Here, I tried playing with a simple dataset about abalone shells. It consists of several physical measurement. The goal is to predict the age of the shell given the measurements. Age is determined with the number of rings the shell has, but sounting the number of rings is tidious.
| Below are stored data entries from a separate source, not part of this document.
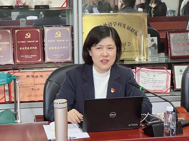 教师支部书记黄芳、学院团委书记王木子以及党员学生代表孙浣伲、胡家敏等分别做了交流发言。老师们表示,结合二十大报告的精神,通过开展支部活动和课程思政,推动党建和学术的互融,加强对学生对外传播意识与能力的培养,提升学生的专业水平和综合素质。党员学生代表孙浣伲谈到,作为外语学子,要努力练就过硬本领,用语言架起文化交流的桥梁,转变话语体系,用受众听得懂、感兴趣的表达方式,增强传播的吸引力,缩短与外国民众的心理距离。
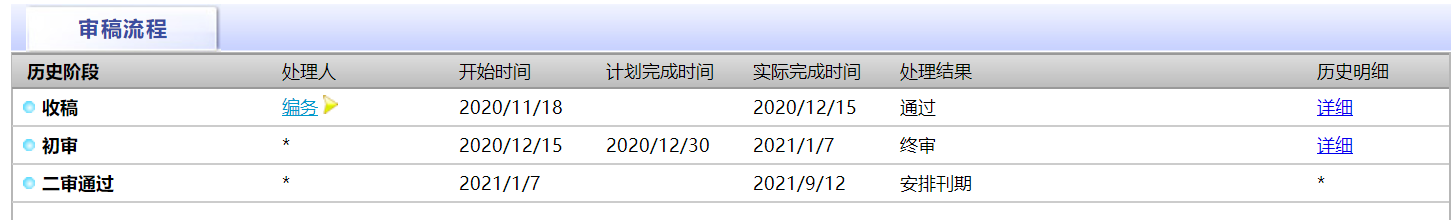 我的点评:收稿和初审还是很快的,但是终审相当漫长,没想到如此漫长,得亏最后的结果是好的。系统信息有滞后性,其实早在七月份责任编辑就联系过我两次,但是由于一些原因没联系上,最后在八月底直接电话我,向我提了修改意见,主要是删减字数和格式调整。编辑老师人都挺好的,中间打过去电话也都可以打通,老师也很细致耐心,甚至可以开玩笑,这一点大赞。投该期刊的同学要有十足的耐心啊,文章也要经得起检验,终审三四个月被拒的也不少见。希望大家都能多中多发。
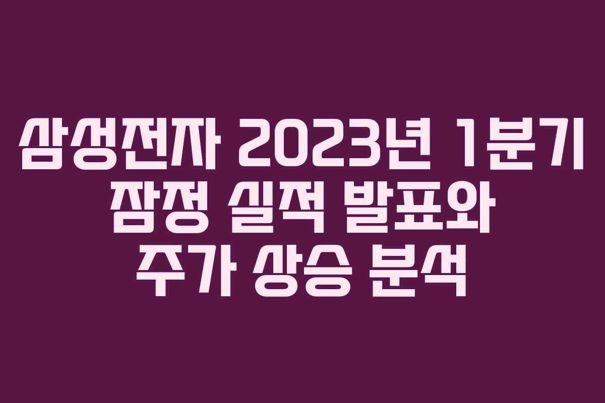 삼성전자가 2023년 1분기 잠정 실적을 발표하였습니다. 예상보다 저조한 실적에도 불구하고 주가는 상승세를 보이며 관심을 받고 있습니다. 이번 글에서는 삼성전자의 실적과 주가 흐름, 그리고 향후 전망에 대해 자세히 살펴보겠습니다.
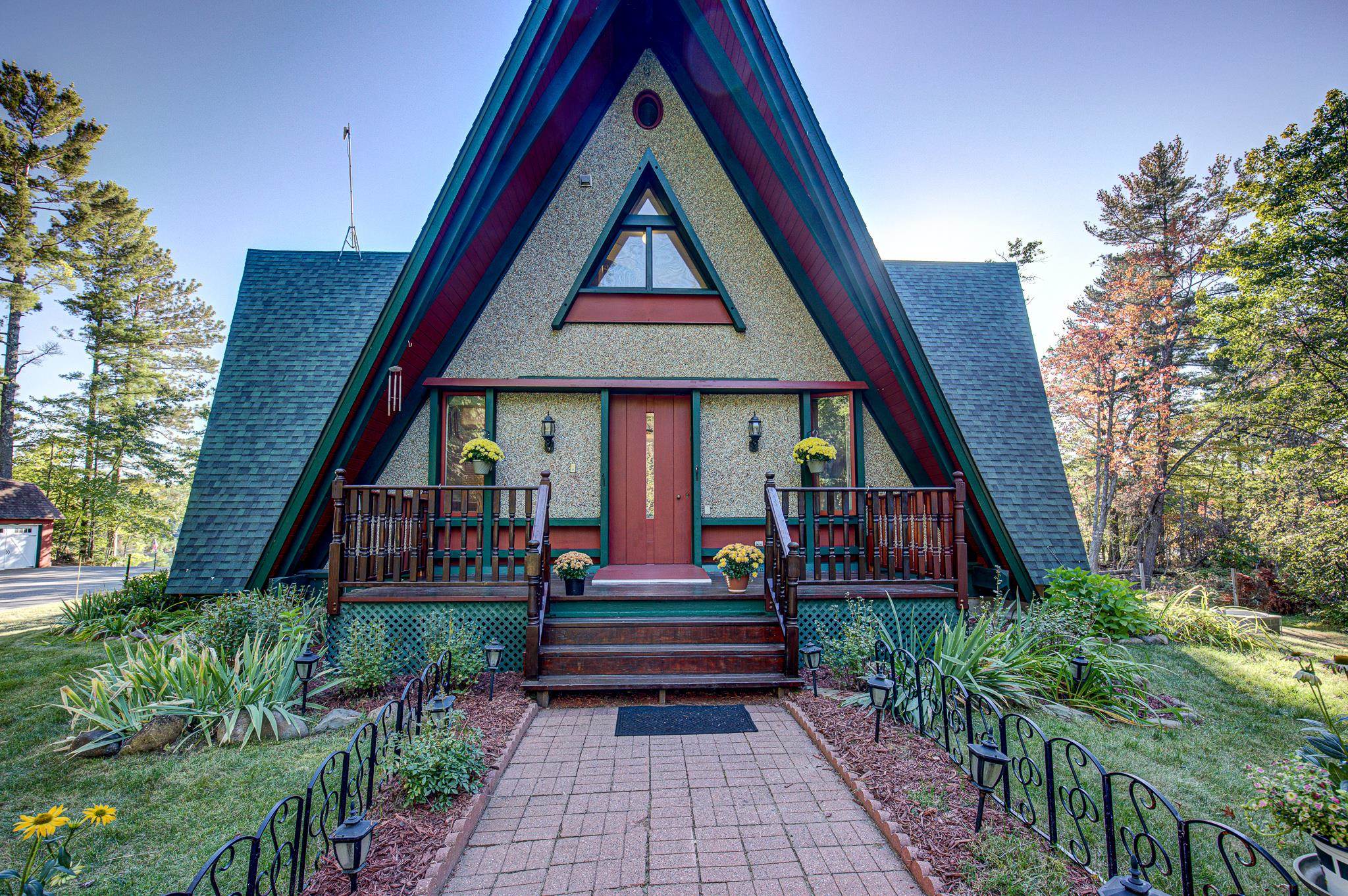 Discover your lakeside paradise with this breathtaking custom-built, double A-frame home on stunning Kildare Lake. This 1-of-a-kind retreat is the perfect blend of luxury and nature. From the eye-catching curved staircases to 2 cozy wood-burning fireplaces, every detail impresses. Relax on the expansive deck with jaw-dropping views or unwind in the private sauna. The main level offers a serene primary suite, a gourmet kitchen, and a half bath. Upstairs, two charming bedrooms and a full bath await. The walkout basement features 2 bedrooms, a hot tub, sauna, and a unique round fireplace, bringing lakeside living to new heights. Just steps from the water, this oasis includes an 8-car garage, private boat landing, and another 5-acre lake lot. Buyer to confirm measurements.
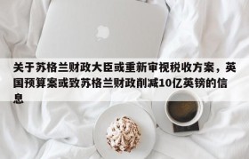 关于苏格兰财政大臣或重新审视税收方案,英国预算案或致苏格兰财政削减10亿英镑的信息

I will try making a linear model to predict the number of rings.
import numpy as np
import pandas as pd
import matplotlib.pyplot as plt
%matplotlib inline
import seaborn as sns
import warnings
warnings.filterwarnings('ignore')
from sklearn.preprocessing import OneHotEncoder
from sklearn.model_selection import train_test_split
from sklearn.linear_model import LinearRegression
from sklearn.svm import SVC
from scipy.stats import chi2
sns.set()
df = pd.read_csv("./abalone.csv")
Sneak peek into the dataset.
df
Sex | Length | Diameter | Height | Whole weight | Shucked weight | Viscera weight | Shell weight | Rings | |
---|---|---|---|---|---|---|---|---|---|
0 | M | 0.455 | 0.365 | 0.095 | 0.5140 | 0.2245 | 0.1010 | 0.1500 | 15 |
1 | M | 0.350 | 0.265 | 0.090 | 0.2255 | 0.0995 | 0.0485 | 0.0700 | 7 |
2 | F | 0.530 | 0.420 | 0.135 | 0.6770 | 0.2565 | 0.1415 | 0.2100 | 9 |
3 | M | 0.440 | 0.365 | 0.125 | 0.5160 | 0.2155 | 0.1140 | 0.1550 | 10 |
4 | I | 0.330 | 0.255 | 0.080 | 0.2050 | 0.0895 | 0.0395 | 0.0550 | 7 |
... | ... | ... | ... | ... | ... | ... | ... | ... | ... |
4172 | F | 0.565 | 0.450 | 0.165 | 0.8870 | 0.3700 | 0.2390 | 0.2490 | 11 |
4173 | M | 0.590 | 0.440 | 0.135 | 0.9660 | 0.4390 | 0.2145 | 0.2605 | 10 |
4174 | M | 0.600 | 0.475 | 0.205 | 1.1760 | 0.5255 | 0.2875 | 0.3080 | 9 |
4175 | F | 0.625 | 0.485 | 0.150 | 1.0945 | 0.5310 | 0.2610 | 0.2960 | 10 |
4176 | M | 0.710 | 0.555 | 0.195 | 1.9485 | 0.9455 | 0.3765 | 0.4950 | 12 |
4177 rows × 9 columns
print(df.info())
<class 'pandas.core.frame.DataFrame'> RangeIndex: 4177 entries, 0 to 4176 Data columns (total 9 columns): # Column Non-Null Count Dtype --- ------ -------------- ----- 0 Sex 4177 non-null object 1 Length 4177 non-null float64 2 Diameter 4177 non-null float64 3 Height 4177 non-null float64 4 Whole weight 4177 non-null float64 5 Shucked weight 4177 non-null float64 6 Viscera weight 4177 non-null float64 7 Shell weight 4177 non-null float64 8 Rings 4177 non-null int64 dtypes: float64(7), int64(1), object(1) memory usage: 293.8+ KB None
We have one column with categorical data ($\texttt{Sex}$), seven with continuous data ($\texttt{Length}$, $\texttt{Diameter}$, $\texttt{Height}$, $\texttt{Whole weight}$, $\texttt{Shucked weight}$, $\texttt{Viscera weight}$, $\texttt{Shell weight}$) and one column with discrete data ($\texttt{Rings}$).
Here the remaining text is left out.